++++ Given data

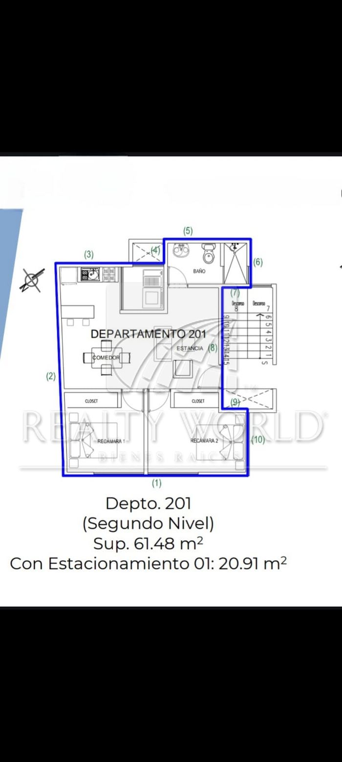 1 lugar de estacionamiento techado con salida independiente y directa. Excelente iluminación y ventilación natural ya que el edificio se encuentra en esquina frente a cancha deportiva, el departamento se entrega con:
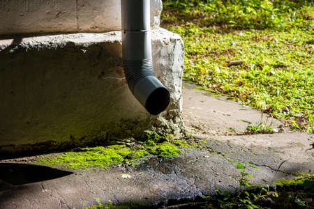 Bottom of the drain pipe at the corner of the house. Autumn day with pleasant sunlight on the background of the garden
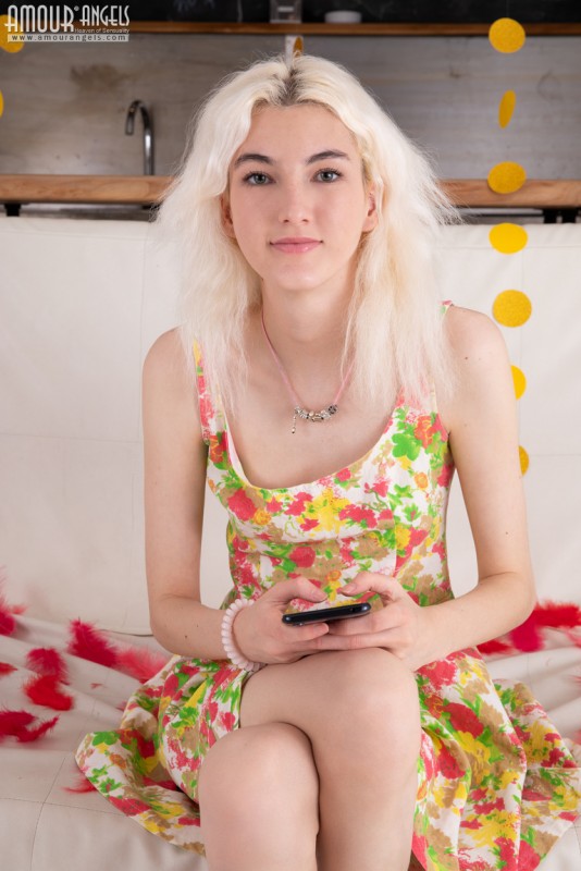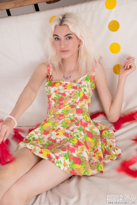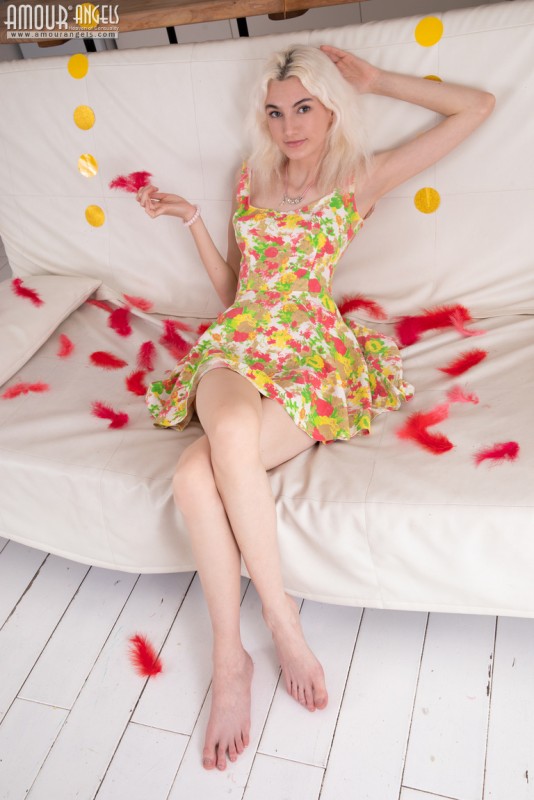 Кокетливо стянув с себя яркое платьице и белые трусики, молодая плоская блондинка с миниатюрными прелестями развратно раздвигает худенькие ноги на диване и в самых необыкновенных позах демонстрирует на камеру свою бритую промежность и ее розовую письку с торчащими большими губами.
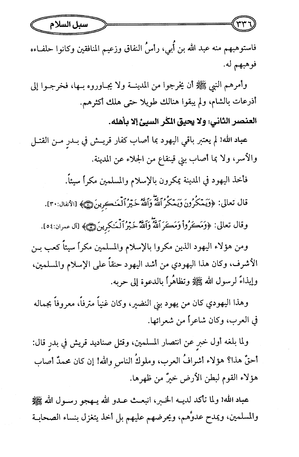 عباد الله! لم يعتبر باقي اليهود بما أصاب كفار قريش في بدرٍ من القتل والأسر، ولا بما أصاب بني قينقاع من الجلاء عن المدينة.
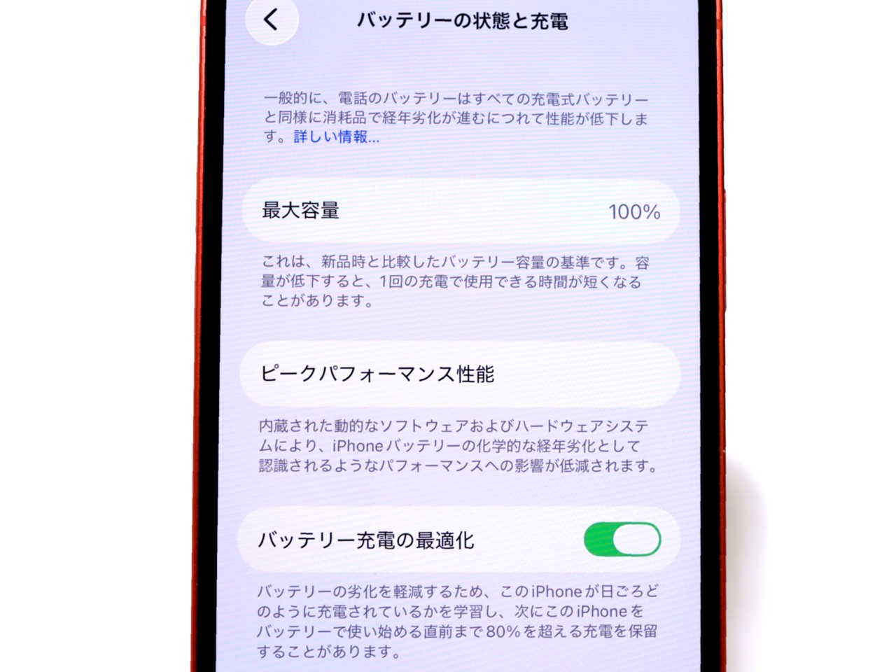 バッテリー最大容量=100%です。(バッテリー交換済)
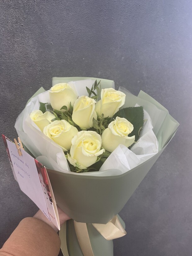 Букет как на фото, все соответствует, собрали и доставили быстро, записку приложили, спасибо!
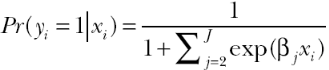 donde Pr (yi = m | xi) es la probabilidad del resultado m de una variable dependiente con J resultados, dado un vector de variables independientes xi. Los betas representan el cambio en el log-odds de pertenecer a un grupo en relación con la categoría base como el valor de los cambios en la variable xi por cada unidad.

++++++++

Above, find the line holding "バッテリー最大容量=100%です。(バッテリー交換済)" and the line holding "Букет как на". Print exactly those two lines and every line between them, but no pictures.

Task output:
 バッテリー最大容量=100%です。(バッテリー交換済)
 Букет как на фото, все соответствует, собрали и доставили быстро, записку приложили, спасибо!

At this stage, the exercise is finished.